In 2021, I took advantage of the opportunity to attend the meetings of the board of directors, the general meeting of shareholders and the special committee under the board of directors and other time to work on the site of the company. At the same time, I maintained close contact and communication with other directors, senior managers and relevant staff of the company by telephone, so as to understand the production and operation, financial status and The implementation of the internal control system and the resolutions of the board of directors and the general meeting of shareholders; At the same time, pay attention to the reports of the media and the Internet about the company, timely learn the decision-making and progress of the company’s major issues, always pay attention to the development trend and market changes of the company’s industry, and timely put forward suggestions on the company’s future development strategy and planning. Faithfully performed the duties of independent directors and safeguarded the legitimate rights and interests of the company and minority shareholders. 5、 Other matters

1. During the reporting period, there was no proposal to convene the board of directors;

2. During the reporting period, there was no proposal to hire or dismiss an accounting firm;

3. During the reporting period, there was no independent engagement of external audit institutions and consulting institutions.

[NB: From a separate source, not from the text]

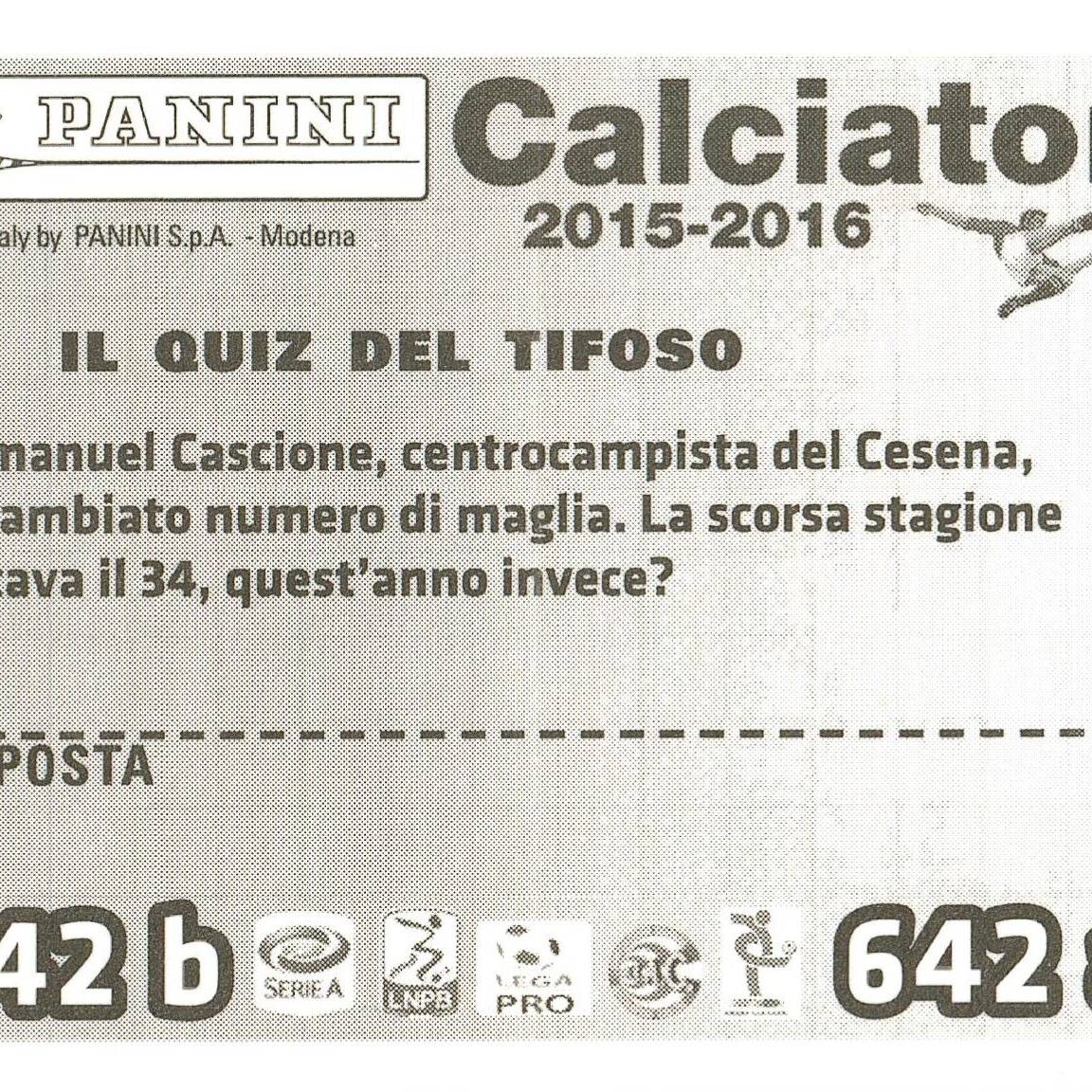 Panini Calciatori 2015-16 Lucchini-Caldara retro
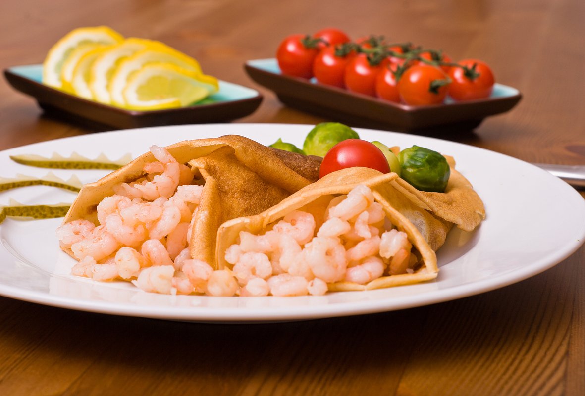 - Немного остудите креветки, сбрызните их лимонным соком и добавляйте в блинчики.

In 2022, I will actively and deeply understand the operation of the company and provide more constructive suggestions for the development of the company with my professional knowledge and experience. We will continue to perform the duties of independent directors in accordance with the provisions and requirements of relevant laws and regulations based on the principles of good faith, diligence, prudence and loyalty. At the same time, keep good communication with the company’s directors, supervisors and senior managers, improve the scientificity of the decision-making of the company’s board of directors, and effectively safeguard the legitimate rights and interests of the company and all shareholders.

I would like to express my heartfelt thanks to the board of directors and management of the company for their active cooperation and support in the performance of their duties as independent directors.